_DATA RECORDS_
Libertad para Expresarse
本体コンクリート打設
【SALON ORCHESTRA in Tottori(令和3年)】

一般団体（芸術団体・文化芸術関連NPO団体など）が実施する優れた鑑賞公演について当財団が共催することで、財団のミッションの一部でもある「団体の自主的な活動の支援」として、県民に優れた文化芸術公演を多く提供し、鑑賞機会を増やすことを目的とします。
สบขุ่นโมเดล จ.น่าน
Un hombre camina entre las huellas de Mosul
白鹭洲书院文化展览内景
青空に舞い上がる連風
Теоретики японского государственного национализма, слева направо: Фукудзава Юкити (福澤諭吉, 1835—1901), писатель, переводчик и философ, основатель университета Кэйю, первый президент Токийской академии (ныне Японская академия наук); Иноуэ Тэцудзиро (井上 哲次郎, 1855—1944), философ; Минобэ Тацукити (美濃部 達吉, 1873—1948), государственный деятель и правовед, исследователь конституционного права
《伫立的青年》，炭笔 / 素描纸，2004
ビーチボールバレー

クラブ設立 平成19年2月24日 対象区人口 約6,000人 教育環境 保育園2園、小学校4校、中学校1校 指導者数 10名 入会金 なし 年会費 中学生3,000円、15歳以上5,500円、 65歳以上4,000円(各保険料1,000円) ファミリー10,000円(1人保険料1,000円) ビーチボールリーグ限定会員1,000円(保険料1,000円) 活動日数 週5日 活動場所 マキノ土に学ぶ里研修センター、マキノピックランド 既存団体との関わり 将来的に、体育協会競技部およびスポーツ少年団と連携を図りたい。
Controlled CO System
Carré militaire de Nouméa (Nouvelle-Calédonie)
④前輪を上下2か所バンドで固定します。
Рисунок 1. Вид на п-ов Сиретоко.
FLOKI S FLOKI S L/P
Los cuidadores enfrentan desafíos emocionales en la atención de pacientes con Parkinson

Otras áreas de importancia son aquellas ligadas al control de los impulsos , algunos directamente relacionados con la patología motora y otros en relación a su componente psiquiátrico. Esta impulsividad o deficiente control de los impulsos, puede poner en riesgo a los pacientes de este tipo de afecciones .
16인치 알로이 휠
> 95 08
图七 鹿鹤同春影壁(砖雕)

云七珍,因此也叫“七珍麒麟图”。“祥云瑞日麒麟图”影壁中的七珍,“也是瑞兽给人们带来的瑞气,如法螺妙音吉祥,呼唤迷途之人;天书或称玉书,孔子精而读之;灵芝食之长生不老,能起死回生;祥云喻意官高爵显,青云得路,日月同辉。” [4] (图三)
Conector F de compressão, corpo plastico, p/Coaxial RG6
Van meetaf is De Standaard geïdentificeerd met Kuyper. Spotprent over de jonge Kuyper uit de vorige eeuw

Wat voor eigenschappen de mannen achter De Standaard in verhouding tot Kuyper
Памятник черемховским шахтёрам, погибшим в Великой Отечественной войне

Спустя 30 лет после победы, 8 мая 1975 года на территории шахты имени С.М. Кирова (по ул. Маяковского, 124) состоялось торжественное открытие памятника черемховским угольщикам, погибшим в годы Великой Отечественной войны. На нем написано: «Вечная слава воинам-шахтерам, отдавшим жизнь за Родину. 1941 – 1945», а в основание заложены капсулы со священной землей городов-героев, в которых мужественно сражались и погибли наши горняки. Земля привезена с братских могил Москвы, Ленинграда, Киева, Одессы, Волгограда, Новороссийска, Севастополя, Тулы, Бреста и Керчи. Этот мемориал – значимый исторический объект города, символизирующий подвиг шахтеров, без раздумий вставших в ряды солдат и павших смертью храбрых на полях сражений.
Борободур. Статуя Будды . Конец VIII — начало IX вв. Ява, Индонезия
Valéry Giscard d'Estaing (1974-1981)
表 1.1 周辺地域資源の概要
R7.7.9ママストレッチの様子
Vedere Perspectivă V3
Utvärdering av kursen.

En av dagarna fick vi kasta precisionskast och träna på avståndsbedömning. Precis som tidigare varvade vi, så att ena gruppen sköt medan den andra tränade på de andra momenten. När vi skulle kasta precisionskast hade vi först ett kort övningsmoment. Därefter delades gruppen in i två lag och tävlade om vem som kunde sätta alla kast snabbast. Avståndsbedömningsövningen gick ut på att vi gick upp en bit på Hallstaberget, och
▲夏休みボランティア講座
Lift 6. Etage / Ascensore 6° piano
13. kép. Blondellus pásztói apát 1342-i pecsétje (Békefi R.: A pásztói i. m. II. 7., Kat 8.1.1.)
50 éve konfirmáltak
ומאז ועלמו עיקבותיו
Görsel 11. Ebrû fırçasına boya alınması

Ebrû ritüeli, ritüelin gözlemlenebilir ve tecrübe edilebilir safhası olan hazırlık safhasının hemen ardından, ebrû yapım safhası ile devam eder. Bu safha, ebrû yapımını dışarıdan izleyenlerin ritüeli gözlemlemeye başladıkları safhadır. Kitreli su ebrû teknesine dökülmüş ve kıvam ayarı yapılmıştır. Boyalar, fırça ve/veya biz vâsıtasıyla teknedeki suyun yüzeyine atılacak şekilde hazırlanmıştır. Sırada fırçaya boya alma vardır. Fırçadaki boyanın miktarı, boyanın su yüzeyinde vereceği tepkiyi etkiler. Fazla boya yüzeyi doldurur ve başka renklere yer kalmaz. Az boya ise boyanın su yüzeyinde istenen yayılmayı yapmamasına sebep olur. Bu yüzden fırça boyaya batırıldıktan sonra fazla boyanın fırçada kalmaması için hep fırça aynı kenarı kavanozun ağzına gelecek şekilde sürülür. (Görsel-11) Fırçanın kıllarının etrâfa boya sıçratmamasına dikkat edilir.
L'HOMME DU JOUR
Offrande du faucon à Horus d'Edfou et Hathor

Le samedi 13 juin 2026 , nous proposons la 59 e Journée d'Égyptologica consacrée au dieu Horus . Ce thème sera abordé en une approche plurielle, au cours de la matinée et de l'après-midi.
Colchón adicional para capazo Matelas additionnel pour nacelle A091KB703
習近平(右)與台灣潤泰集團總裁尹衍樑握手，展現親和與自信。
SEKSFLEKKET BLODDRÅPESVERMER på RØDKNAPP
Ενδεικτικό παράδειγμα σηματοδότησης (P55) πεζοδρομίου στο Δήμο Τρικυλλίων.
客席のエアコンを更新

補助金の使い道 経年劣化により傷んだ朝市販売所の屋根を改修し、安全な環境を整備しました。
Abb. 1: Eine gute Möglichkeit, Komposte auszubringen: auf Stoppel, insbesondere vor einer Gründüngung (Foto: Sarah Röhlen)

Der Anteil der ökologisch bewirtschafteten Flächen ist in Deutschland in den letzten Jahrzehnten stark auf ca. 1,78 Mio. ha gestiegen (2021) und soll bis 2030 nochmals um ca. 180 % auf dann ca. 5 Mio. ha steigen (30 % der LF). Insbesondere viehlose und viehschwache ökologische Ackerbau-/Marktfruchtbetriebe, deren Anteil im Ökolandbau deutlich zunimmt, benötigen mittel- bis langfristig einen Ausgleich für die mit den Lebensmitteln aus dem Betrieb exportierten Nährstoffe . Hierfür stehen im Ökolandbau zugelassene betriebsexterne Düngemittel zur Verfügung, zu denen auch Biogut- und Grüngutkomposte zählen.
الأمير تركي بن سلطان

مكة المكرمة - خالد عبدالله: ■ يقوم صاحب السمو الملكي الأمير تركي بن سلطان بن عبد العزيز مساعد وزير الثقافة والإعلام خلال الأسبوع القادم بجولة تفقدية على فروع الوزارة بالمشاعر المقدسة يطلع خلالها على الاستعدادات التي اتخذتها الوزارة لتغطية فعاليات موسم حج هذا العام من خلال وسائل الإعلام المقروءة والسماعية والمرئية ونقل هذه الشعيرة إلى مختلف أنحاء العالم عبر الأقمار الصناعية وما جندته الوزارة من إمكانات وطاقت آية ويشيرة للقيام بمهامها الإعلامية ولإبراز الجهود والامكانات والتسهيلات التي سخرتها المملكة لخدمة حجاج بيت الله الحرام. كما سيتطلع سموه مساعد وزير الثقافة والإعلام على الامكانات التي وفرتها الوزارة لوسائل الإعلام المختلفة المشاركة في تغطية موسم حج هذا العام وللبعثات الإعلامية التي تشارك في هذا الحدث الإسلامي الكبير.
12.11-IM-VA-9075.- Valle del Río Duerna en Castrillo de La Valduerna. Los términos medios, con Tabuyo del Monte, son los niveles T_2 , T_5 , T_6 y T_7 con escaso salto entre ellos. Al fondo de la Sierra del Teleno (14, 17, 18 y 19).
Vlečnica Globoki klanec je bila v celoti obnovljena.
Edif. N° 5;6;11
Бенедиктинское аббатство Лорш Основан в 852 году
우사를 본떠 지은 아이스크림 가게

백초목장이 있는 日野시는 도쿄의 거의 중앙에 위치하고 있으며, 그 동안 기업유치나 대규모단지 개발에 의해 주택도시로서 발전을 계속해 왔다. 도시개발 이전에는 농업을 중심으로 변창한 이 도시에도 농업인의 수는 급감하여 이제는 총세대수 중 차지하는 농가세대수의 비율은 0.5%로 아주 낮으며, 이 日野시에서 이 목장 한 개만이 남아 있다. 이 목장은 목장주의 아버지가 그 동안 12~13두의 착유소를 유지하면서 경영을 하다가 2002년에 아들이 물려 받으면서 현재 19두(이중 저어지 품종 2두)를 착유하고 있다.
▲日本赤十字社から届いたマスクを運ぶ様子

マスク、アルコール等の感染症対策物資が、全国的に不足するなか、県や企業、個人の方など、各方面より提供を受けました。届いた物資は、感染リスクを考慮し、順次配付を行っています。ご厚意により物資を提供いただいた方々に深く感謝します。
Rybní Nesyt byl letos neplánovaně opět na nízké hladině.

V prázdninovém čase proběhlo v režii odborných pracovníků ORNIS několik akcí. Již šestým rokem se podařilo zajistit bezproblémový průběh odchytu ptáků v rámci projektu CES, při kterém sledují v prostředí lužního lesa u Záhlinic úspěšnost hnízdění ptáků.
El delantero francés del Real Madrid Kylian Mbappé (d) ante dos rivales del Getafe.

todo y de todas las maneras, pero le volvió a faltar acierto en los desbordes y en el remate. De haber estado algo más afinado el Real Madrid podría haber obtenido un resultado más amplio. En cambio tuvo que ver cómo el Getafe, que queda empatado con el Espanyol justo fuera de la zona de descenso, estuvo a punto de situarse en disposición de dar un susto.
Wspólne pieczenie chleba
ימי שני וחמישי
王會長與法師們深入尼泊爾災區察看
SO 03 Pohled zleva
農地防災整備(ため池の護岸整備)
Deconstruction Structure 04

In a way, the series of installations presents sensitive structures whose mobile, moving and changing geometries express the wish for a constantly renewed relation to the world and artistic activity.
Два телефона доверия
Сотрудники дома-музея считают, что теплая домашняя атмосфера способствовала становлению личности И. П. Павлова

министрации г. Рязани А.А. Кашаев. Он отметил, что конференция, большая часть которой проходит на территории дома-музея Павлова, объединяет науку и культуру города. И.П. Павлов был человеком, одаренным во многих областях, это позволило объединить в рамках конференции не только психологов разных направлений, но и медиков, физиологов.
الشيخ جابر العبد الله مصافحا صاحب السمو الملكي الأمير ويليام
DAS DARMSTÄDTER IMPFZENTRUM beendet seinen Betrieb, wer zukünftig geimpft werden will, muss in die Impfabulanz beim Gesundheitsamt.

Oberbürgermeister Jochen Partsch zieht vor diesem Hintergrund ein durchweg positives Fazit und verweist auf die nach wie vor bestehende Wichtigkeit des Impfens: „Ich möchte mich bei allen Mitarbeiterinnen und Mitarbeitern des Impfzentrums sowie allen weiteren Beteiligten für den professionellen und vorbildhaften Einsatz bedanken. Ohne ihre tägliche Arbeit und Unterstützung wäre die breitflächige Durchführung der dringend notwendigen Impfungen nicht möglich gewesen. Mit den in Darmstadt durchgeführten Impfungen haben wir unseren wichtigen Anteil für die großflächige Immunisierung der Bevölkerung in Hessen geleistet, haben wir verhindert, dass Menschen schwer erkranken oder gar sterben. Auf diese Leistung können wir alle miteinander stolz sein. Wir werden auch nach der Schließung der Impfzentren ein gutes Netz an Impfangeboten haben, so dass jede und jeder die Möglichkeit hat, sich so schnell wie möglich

_EXERCISE_
Please report how many lines of the entries above contain the string "Görsel". Reply with only the number.

_RESPONSE_
2